# What you have to do
Please repeat, exactly as they stand, the line containing "くしゃくしゃ紙、絵の具、チョ" and the lines after it through the final line of the listing below, minus pictures.

# Exercise data

+ + + + +

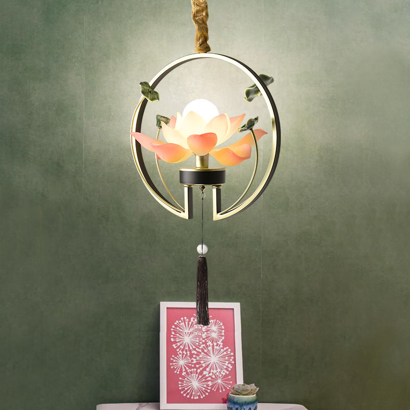 مصباح معلق دائري من الراتنج والسيراميك والحديد على شكل لوتس صيني تقليدي لغرفة النوم
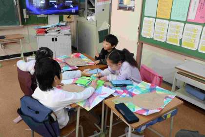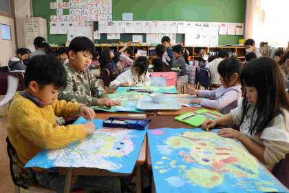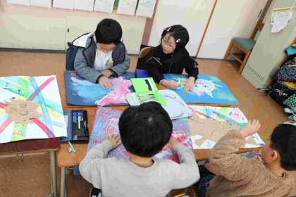 くしゃくしゃ紙、絵の具、チョークなどを組み合わせて使って、すてきな作品を作りました。
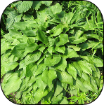Fast growing mound of gold leaves with medium green rippled margins. Pale purple flowers in July. 19"H x 25"W
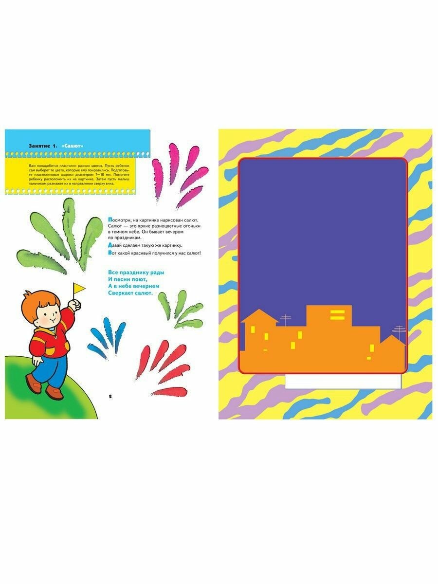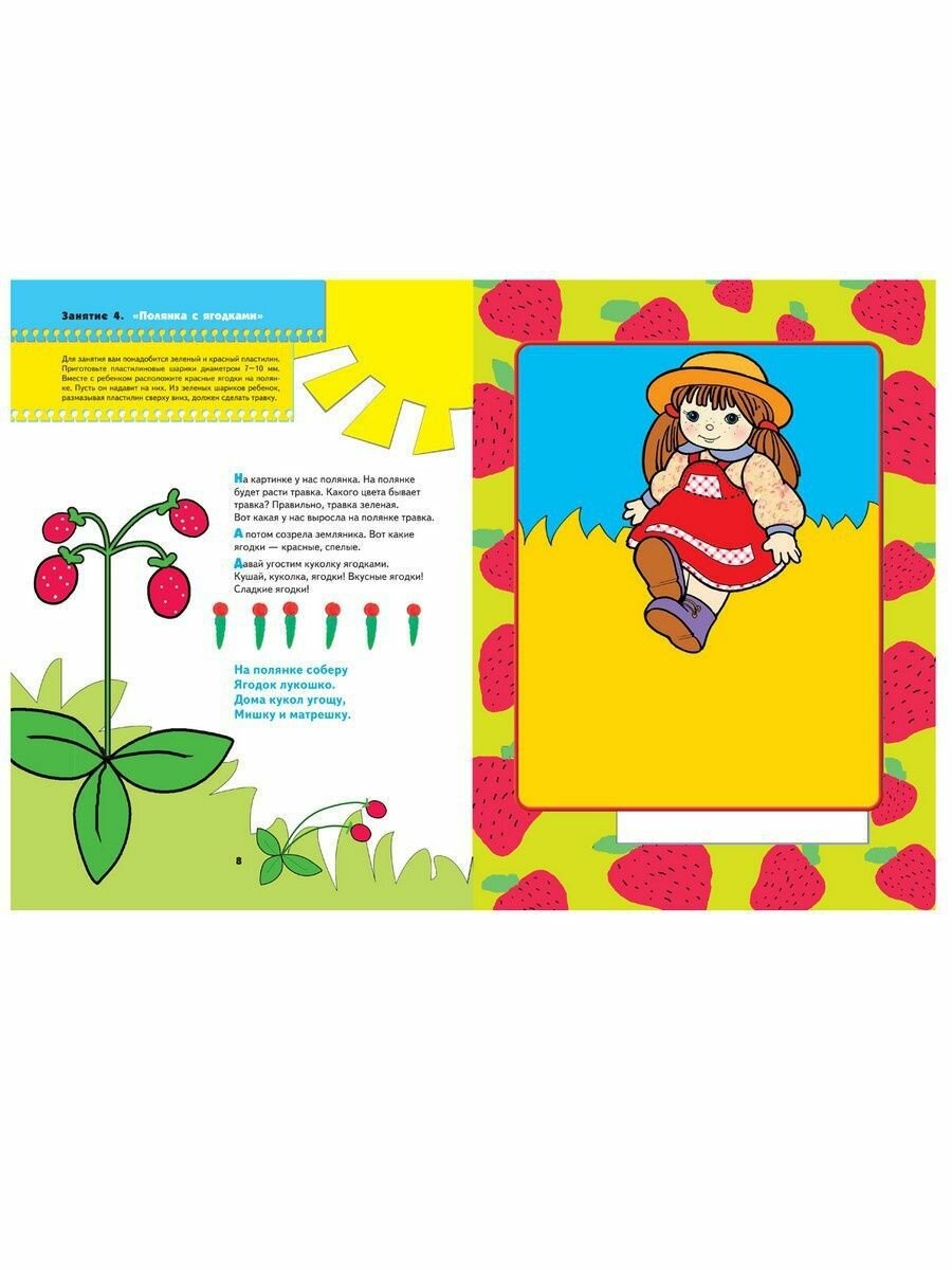 До появления этой книги в нашем доме, сына пластилин интересовал только на уровне "раскатать колбаску", теперь же мы с огромным удовольствием делаем эти картинки в книге и придумываем свои. книга яркая, привлекающая внимание ребенка. занятия короткие, несложные, но в тоже время интересные.

+ + + + +

# Written answer
 くしゃくしゃ紙、絵の具、チョークなどを組み合わせて使って、すてきな作品を作りました。
Fast growing mound of gold leaves with medium green rippled margins. Pale purple flowers in July. 19"H x 25"W
 До появления этой книги в нашем доме, сына пластилин интересовал только на уровне "раскатать колбаску", теперь же мы с огромным удовольствием делаем эти картинки в книге и придумываем свои. книга яркая, привлекающая внимание ребенка. занятия короткие, несложные, но в тоже время интересные.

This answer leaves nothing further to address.